Inhalt überspringen
Von   Arif Husain
PDF herunterladen

Der Abbau von Produktionskapazitäten in China könnte sich auf die globale Makro-Ökonomie auswirken

Die inflationsdämpfenden Effekte chinesischer Exporte scheinen nachzulassen.

Dezember 2025, Ahead of the Curve

Auf den Punkt gebracht
  • Die chinesische Regierung hat eine Reihe von Maßnahmen zur Konsolidierung der Produktionskapazitäten angekündigt, um der Tatsache entgegenzuwirken, dass die Unternehmen in verschiedenen exportorientierten Sektoren Verluste schreiben.
  • Die von den chinesischen Exporten ausgehende inflationsdämpfende Wirkung hat den Zentralbanken weltweit geholfen, die Inflation einzudämmen. Nun scheinen die disinflationären Impulse jedoch nachzulassen.
  • Der Marktkonsens scheint zu unterschätzen, dass eine nachlassende Disinflation durch chinesische Exporte eine ganze Reihe an inflationären Impulsen nach sich ziehen kann.

China hat in den letzten Jahren die Produktionskapazitäten in den exportorientierten Sektoren erhöht, um der Verlangsamung der eigenen Wirtschaft entgegenzuwirken, und dadurch Disinflation exportiert. Diese hat die Zentralbanken auf der ganzen Welt bei ihrem Ziel unterstützt, den Anstieg der Inflation zu begrenzen.
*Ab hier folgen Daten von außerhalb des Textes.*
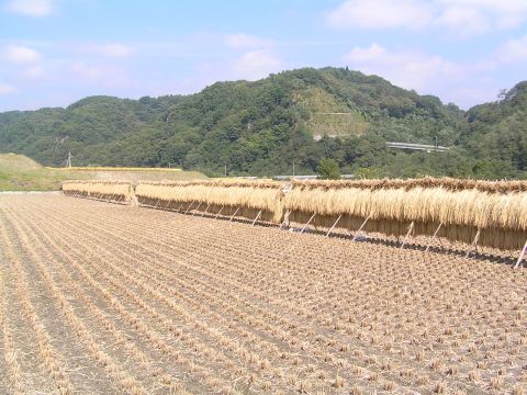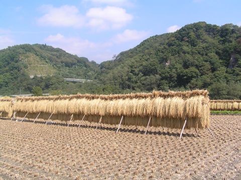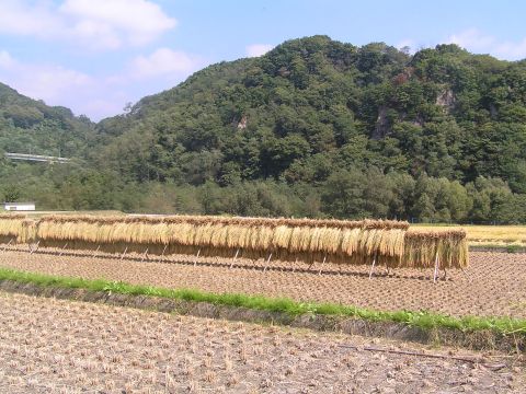 買い物帰り黄金色に輝いていた田んぼの一部が刈り取られて整然と干されていました。昔ながらの自然乾燥でさぞかし美味しいお米になるのでしょう。子供の頃の懐かしい風景がよみがえります。

Mittlerweile hat die chinesische Regierung jedoch im Rahmen ihrer „Anti-Involution“-Strategie eine Reihe von Maßnahmen zur Konsolidierung von Produktionskapazitäten angekündigt, um den Verlusten von Unternehmen in verschiedenen Sektoren entgegenzuwirken. In den letzten Fixed Income Policy Week-Sitzungen äußerte sich Portfoliomanager Adam Marten noch energischer als sonst zu diesem Thema. Er glaubt, dass die Reduzierung der chinesischen Exportlieferkapazitäten möglicherweise zu den wichtigsten Makrofaktoren zählt, die die Märkte in den kommenden Jahren beeinflussen werden.

Kürzlich hat er auf einige wichtige Aspekte der wegweisenden wirtschaftspolitischen Wende Chinas und ihre Auswirkungen auf die Weltwirtschaft und die globalen Finanzmärkte hingewiesen.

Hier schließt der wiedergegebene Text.